Com amor de 2 mulheres em crise, ELAS abre Mostra Aldir Blanc na SP Escola de Teatro

ELAS, do Coletivo Caracóis, abre a programação da Mostra Aldir Blanc na SP Escola de Teatro Digital, dias 4, 5 e 6/5 às 21h - Foto: Sol Faganello/Divulgação - Blog do Arcanjo 2021
ELAS, do Coletivo Caracóis, abre a programação da Mostra Aldir Blanc na SP Escola de Teatro Digital, dias 4, 5 e 6/5 às 21h – Foto: Sol Faganello/Divulgação – Blog do Arcanjo 2021

Por MIGUEL ARCANJO PRADO
@miguel.arcanjo

Como o amor resiste em tempos de confinamentos que fazem aflorar antigas rugas e mágoas? Esta poderia ser uma das premissas do espetáculo ELAS, do Coletivo Caracóis. A obra foi criada pelas artistas Carina Murias, Carol Moreno, Fernanda Heitzmann, Maria Carolina Ito, Náshara Silveira e Sol Faganello e aborda as fissuras no romance entre duas mulheres em tempos pandêmicos.

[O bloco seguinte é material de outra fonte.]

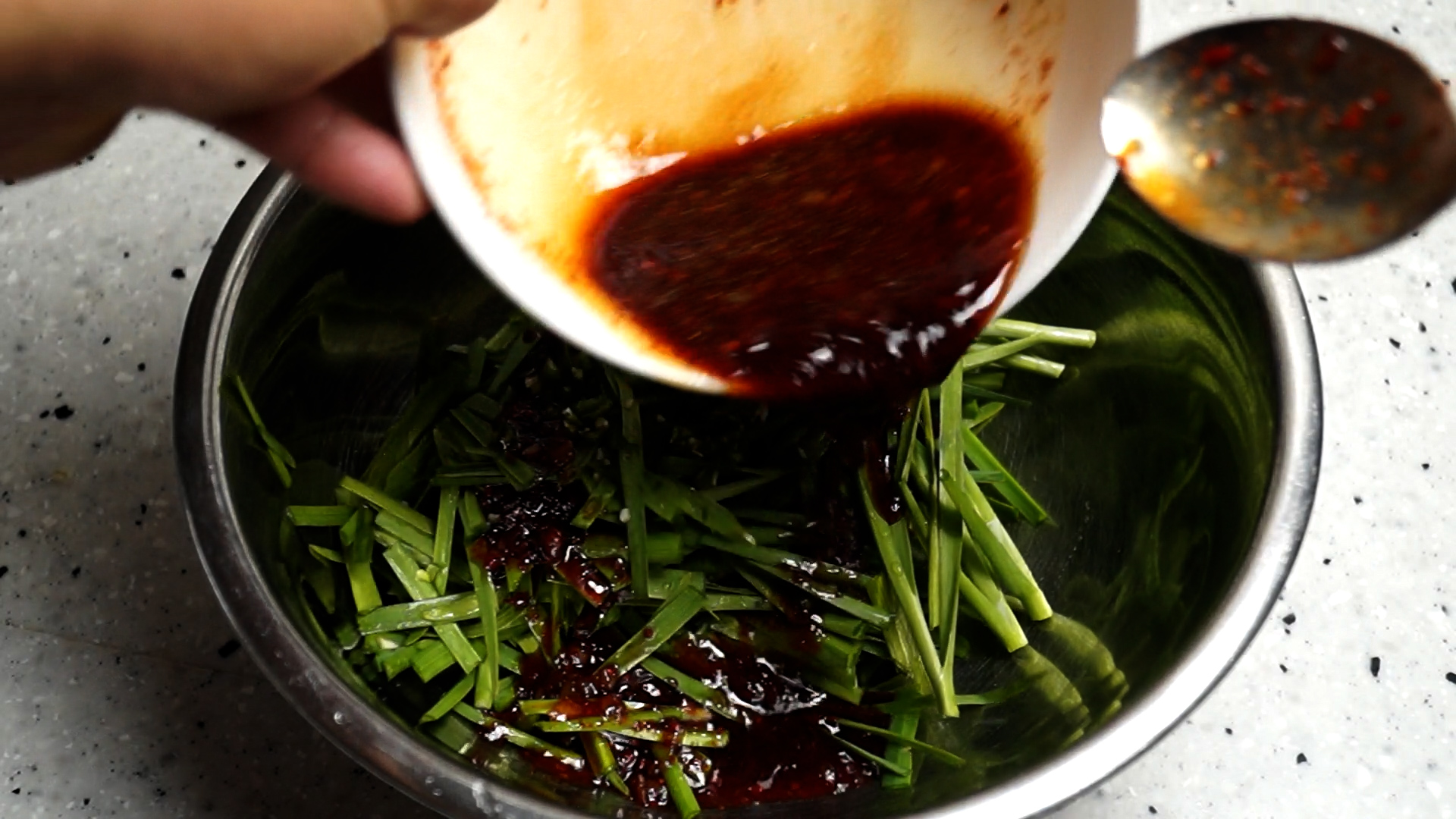 15. 부추를 적당량 올리고 간장도 입맛에 맞게 2~3스푼 퍼올려주세요.
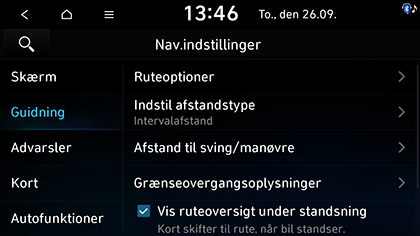Afstand til sving/manøvre: Indstiller navigationsindstillingen ud fra lokationen.
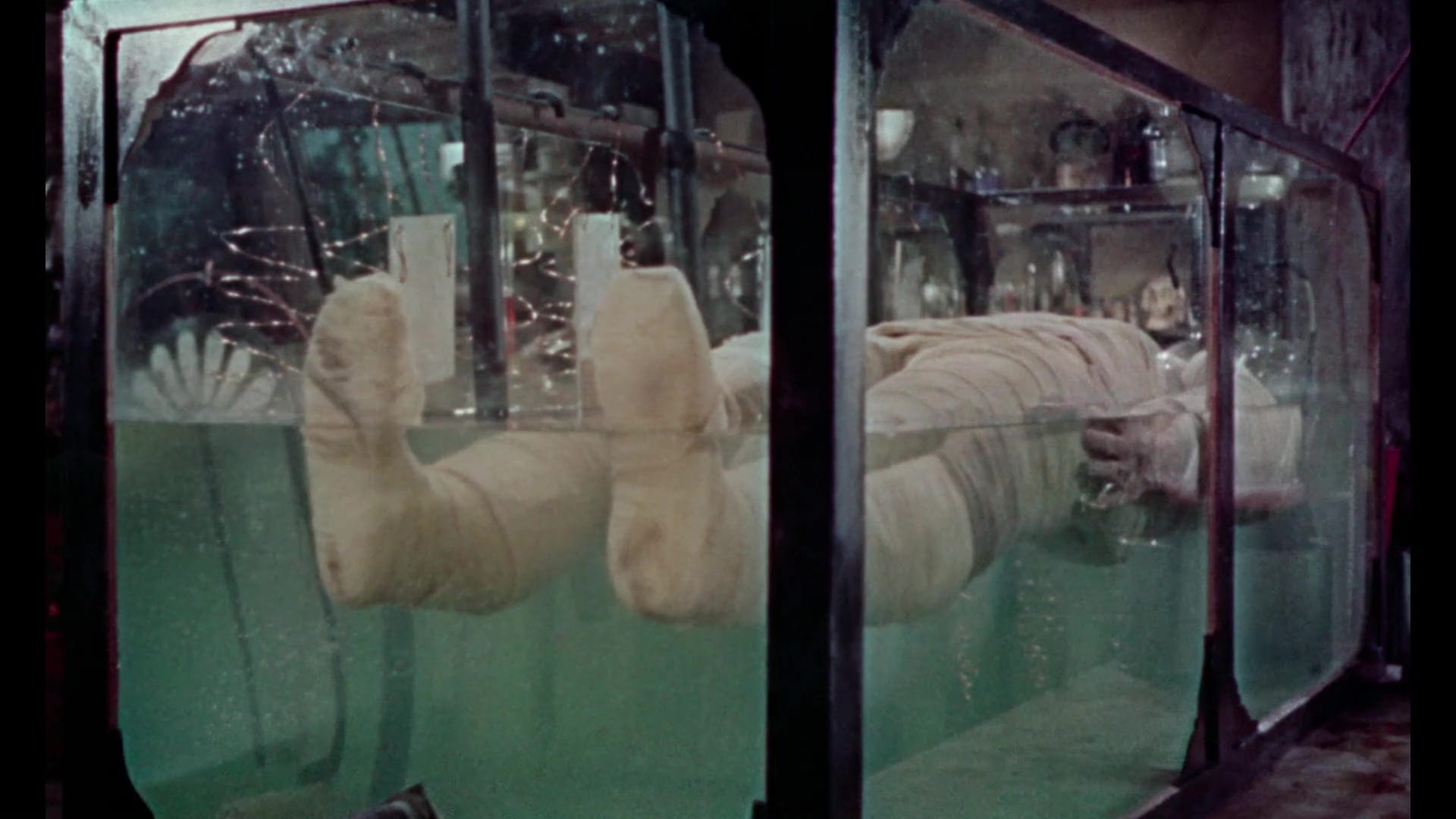 That Lionsgate disc also yields two featurettes, the retrospective making-of “Frankenstein Reborn” and “Life with Sir,” a pleasant reminiscence of Peter Cushing by his former secretary Joyce Broughton. (They’re on the Blu-ray disc, along with the extras from the 2020 Warner Archive BD and the ten-minute 8mm version of the film, in gloriously grainy black-and-white.)
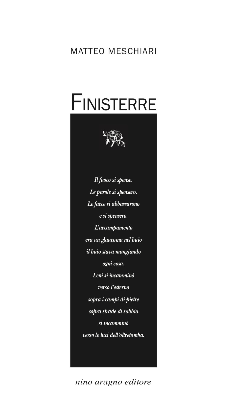 Per la Nino Aragno Editore, nella collana I domani (curata da Maria Grazia Calandrone, Andrea Cortellessa e Laura Pugno), è uscito recentemente Finisterre, poema epico di Matteo Meschiari «composto oralmente e poi trascritto».

O espetáculo abre a Mostra Aldir Blanc na SP Escola de Teatro Digital, com sessões nesta terça (4), quarta (5) e quinta (6), às 21h, com ingressos disponíveis para serem retirados na Sympla. A programação completa conta com 12 espetáculos das cinco regiões brasileiras, sob curadoria de Miguel Arcanjo Prado com assistência de Rodrigo Barros e Marcio Tito. A Mostra apresenta um panorama nacional e diverso de espetáculos de artistas e coletivos fomentados pela importante lei de fomento às artes e à cultura.

Na frente das câmeras em ELAS estão as atrizes Carol Moreno e Fernanda Heitzmann, sob direção de Náshara Silveira e Sol Faganello para a dramaturgia de Carina Murias. A montagem ainda conta com iluminação e sonoplastia de Maria Carolina Ito, além de arte gráfica, fotografia e vídeo de Sol Faganello. A obra fez apresentação recente no Centro Cultural da Diversidade e encerra temporada de sucesso na SP Escola de Teatro Digital. Em 2020, o espetáculo foi destaque na programação do Festival Satyrianas.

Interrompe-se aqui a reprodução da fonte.